### EXERCISE REQUIREMENTS
Set down the data again exactly. Pictures are not part of the copy.

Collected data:

=== Section Start ===

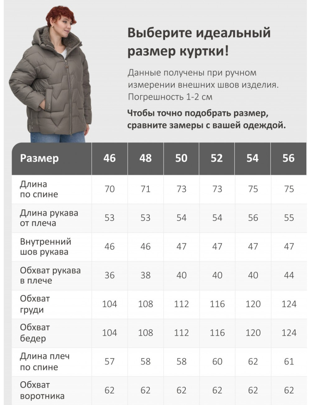 Откройте для себя новый уровень зимнего комфорта с нашим эксклюзивным пуховиком! Создан специально для женщин, которые ценят стиль и практичность. Размерный ряд от 46 до 56 и диапазон роста 155–185 см позволяет каждой найти свою идеальную модель.
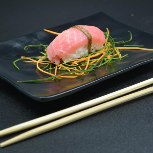 Bocados de arroz con pescado fresco, una delicadeza japonesa que combina la suavidad del arroz con el sabor del pescado.
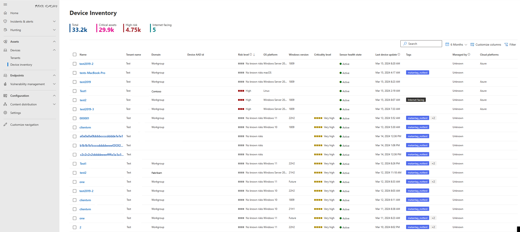 テナント名を選択して、すべてのデータとインベントリ関連のアクションを使用できるMicrosoft Defender XDR ポータルでそのテナントのデバイス インベントリに移動します。
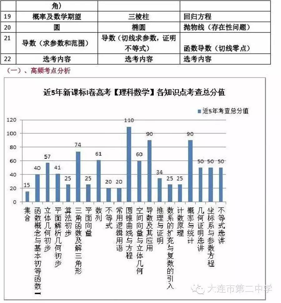 9.选考:几何证明主要考查圆内接四边行、圆的切线性质、圆周角与弦切角等性质、相似三角形、弧与弦的关系、试题分两问,难度不大,图形比较简单,可以考作辅助线,但非常简单; 坐标系与参数方程,主要考查极坐标系与直角坐标系的坐标和方程的互化,在极坐标系下的点与线,线与圆的位置关系;就参数方程而言,主要考查参数方程与普通方程的互化,圆、椭圆、直线参数的几何意义,直线的参数方程在直线与圆锥曲线的位置关系中,弦长、割线长等的计算问题,坐标系与参数方程轮换考或结合起来考;不等式近三年主要考查的是解绝对值不等式,但随着参与新课标全国卷的省份的增加,也会考查比较法、综合法和分析法等不等式方法,但柯西不等式、排序不等式等还不会在新课标全国卷里考。
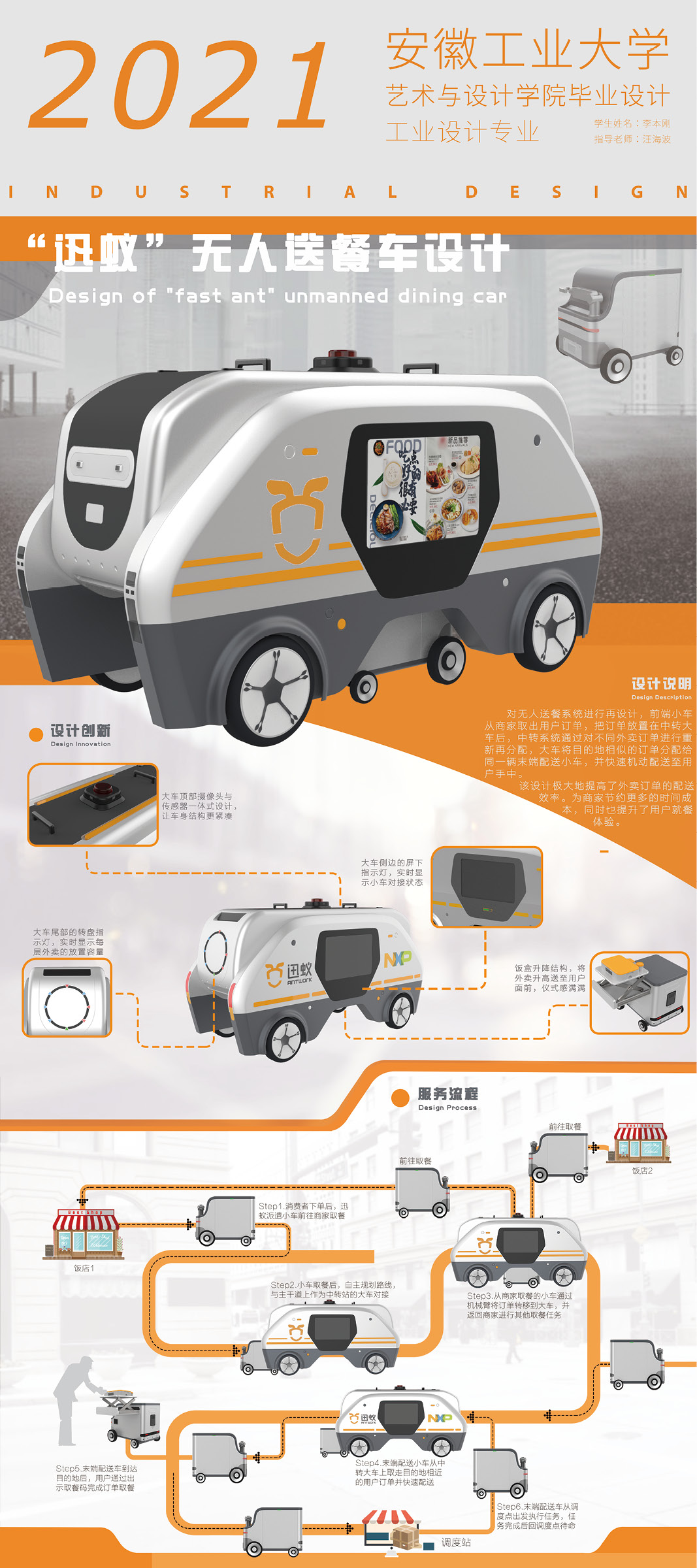 设计说明:对无人送餐系统进行再设计,前端小车从商家取出用户订单,把订单放置在中转大车后,中转系统通过对不同外卖订单进行重新再分配,大车将目的地相似的订单分配给同一辆末端配送小车,并快速机动配送至用户手中。该设计极大地提高了外卖订单的配送效率。为商家节约更多的时间成本,同时也提升了用户就餐体验。

=== Section End ===

### OUTPUT FOR THIS EXERCISE
 Откройте для себя новый уровень зимнего комфорта с нашим эксклюзивным пуховиком! Создан специально для женщин, которые ценят стиль и практичность. Размерный ряд от 46 до 56 и диапазон роста 155–185 см позволяет каждой найти свою идеальную модель.
 Bocados de arroz con pescado fresco, una delicadeza japonesa que combina la suavidad del arroz con el sabor del pescado.
 テナント名を選択して、すべてのデータとインベントリ関連のアクションを使用できるMicrosoft Defender XDR ポータルでそのテナントのデバイス インベントリに移動します。
 9.选考:几何证明主要考查圆内接四边行、圆的切线性质、圆周角与弦切角等性质、相似三角形、弧与弦的关系、试题分两问,难度不大,图形比较简单,可以考作辅助线,但非常简单; 坐标系与参数方程,主要考查极坐标系与直角坐标系的坐标和方程的互化,在极坐标系下的点与线,线与圆的位置关系;就参数方程而言,主要考查参数方程与普通方程的互化,圆、椭圆、直线参数的几何意义,直线的参数方程在直线与圆锥曲线的位置关系中,弦长、割线长等的计算问题,坐标系与参数方程轮换考或结合起来考;不等式近三年主要考查的是解绝对值不等式,但随着参与新课标全国卷的省份的增加,也会考查比较法、综合法和分析法等不等式方法,但柯西不等式、排序不等式等还不会在新课标全国卷里考。
 设计说明:对无人送餐系统进行再设计,前端小车从商家取出用户订单,把订单放置在中转大车后,中转系统通过对不同外卖订单进行重新再分配,大车将目的地相似的订单分配给同一辆末端配送小车,并快速机动配送至用户手中。该设计极大地提高了外卖订单的配送效率。为商家节约更多的时间成本,同时也提升了用户就餐体验。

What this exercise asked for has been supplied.